# Starting the simulation



## 33truballa33 (Oct 18, 2004)

well im going to try to do the method that frank talked about with caribes. i got some poster board and im going to be covering up the sides and from of the tank except for lil eye holes. I was wondering do i turn off my powerhead as well? or do i leave that one. i will be turning off my filters and running an air wand one the planted side which is also the side with the power head. ill lower the water about a good 25% in about 10 minutes and being the experiment.. hopefully all goes well.. plz give me advice if any of you guys have any thanks a lot

RB

edit: what kinda feeding schedule should i put the p's on??? feed them less often since its dry season? ive been feeding the shrimp and sum catfish fillets of late. and plan on having them in dry season mode for about a week.


----------



## 33truballa33 (Oct 18, 2004)

well the tank is poster boarded up with my lil eye holes in there. the temp has been raised to about 82 ish.. the foil from the lights has been removed to simulate the beaming sun haha uhm filters are off bubble wand is going .. shoudl i keep them in this for a week then rainy season and just keep repeating?? or should i extend the dry season for a bit longer?? ive heard some say for a week and some say for 3 months as that is how long regular seasons last but i probably wont do it for three months because i will b out of town quite a bit and rather not leave them in the dry conditions without monitoring them. thanks.. any replies mayb ..????


----------



## mantis (May 16, 2003)

Have u read up at opefe? There is a mountain of info there on breeding various species.

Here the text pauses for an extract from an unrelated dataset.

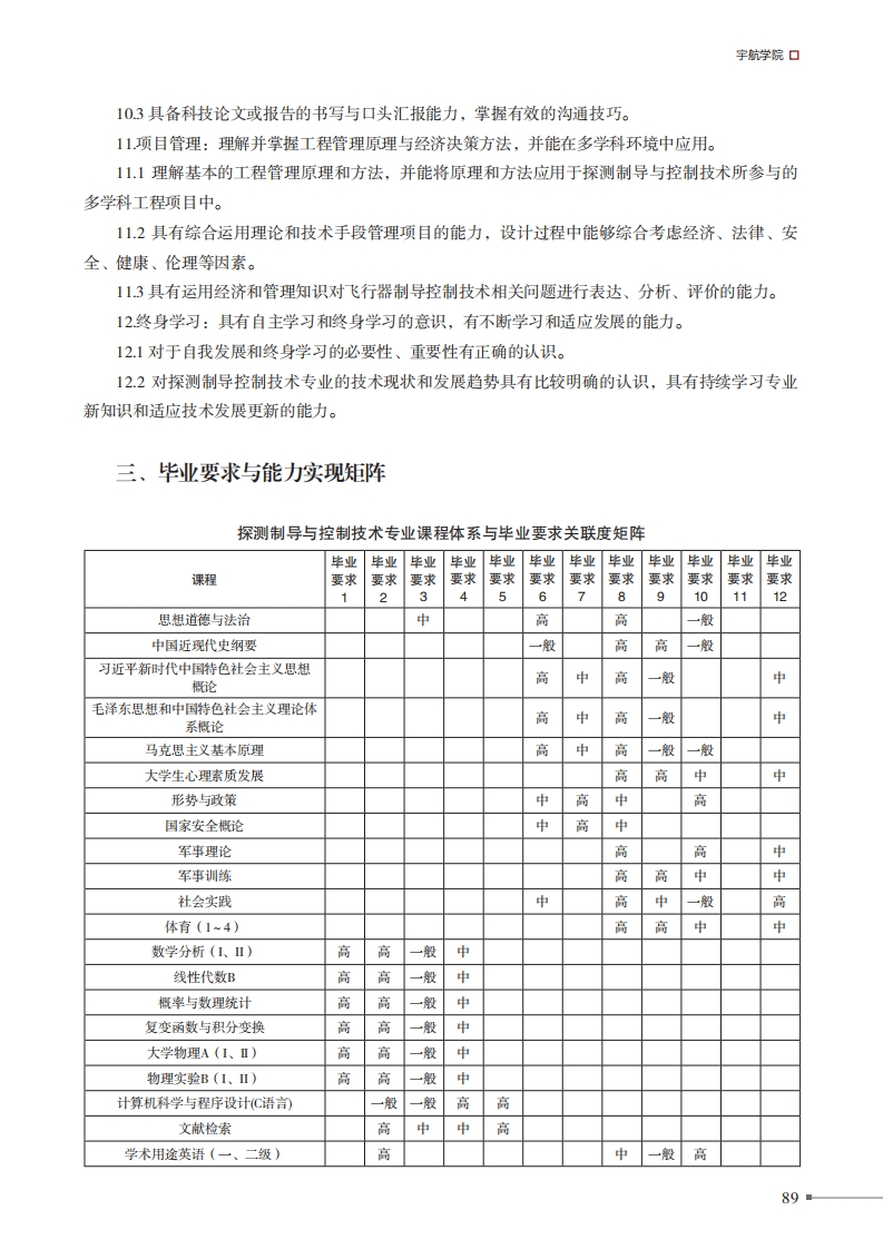 得北京理工大学北惊理工大学本科教学培养方案探测制导与控制技术专业培养方案一、专业培养日标:以“胸怀壮志、明德精工、创新包容、时代担当”的校训为指引,培养适应社会主义现代化建设需要,德、智、体、美等全面发展,基础扎实、理工结合、素质全面、工程实践能力和创造能力强的研究发展型人才。通过本专业的学习,使学生具备坚实的数学与物理基础知识,能够系统地掌握电子技术、控制理论、飞行器探测、制导与控制、导航定位等宽广的专业知识,同时培养学生进行系统分析、设计与开发的科学研究能力,具有国际化视野,思想素质、人文素养和工程素质过硬,为学生毕业后从事飞行器探测、制导与控制系统的理论研究、系统分析、设计与开发、仿真检测以及技术管理等工作和进一步深造打下坚实的基础。本专业面向未来航空宇航科学与技术学科发展,适应国家发展战略需要,培养多元化、创新型的领军领导人才,使本专业毕业生具有深厚的数理基础和宽广的专业基础知识;具备创新精神、国际视野与系统思维,能够综合运用数理工多学科专业知识,解决复杂工程问题。本专业学生毕业后5年左右,预期达到以下目标:(1)具有良好的道德素质和人文科学素养:(2)能够综合运用所学专业知识解决探测制导与控制技术领域的具体问题,成为专业技术骨干;(3)具有良好的团队组织协调、沟通表达及竞争与合作能力;(4)能够胜任专业团队合作中的角色,具备技术带头人的潜力和未来管理者的领导能力:(5)具有终身学习意识和能力,不断进行知识的更新,以适应社会和科技发展的需要;(6)具有国际视野和国际交流合作能力,能在本专业范围内与国际同行进行学术交流。二、毕业要求1.工程知识:能够将数学、自然科学、工程基础和专业知识综合运用于解决复杂工程问题。1.1掌握自然科学和工程基础知识,能够深入理解和认识探测制导与控制领域复杂工程问题。12能够运用数学、物理和专业知识对探测制导与控制领域复杂工程问题进行抽象建模和分析。1.3能够将专业知识和数学建模方法用于探测制导与控制技术专业工程问题解决方案的比较与综合。2问题分析:能够应用数学、自然科学和工程科学的基本原理,识别、表达、并通过文献研究分■86

You may be able to get some more idea's.

Good luck


----------



## 33truballa33 (Oct 18, 2004)

yep i read up on there .. there isnt too much known about caribe well at least not too many people want to share their experiences, but i guess ill give this a try then try and alternative method in a couple of months and i WILL post my methods if i have any success. n e more suggestions?


----------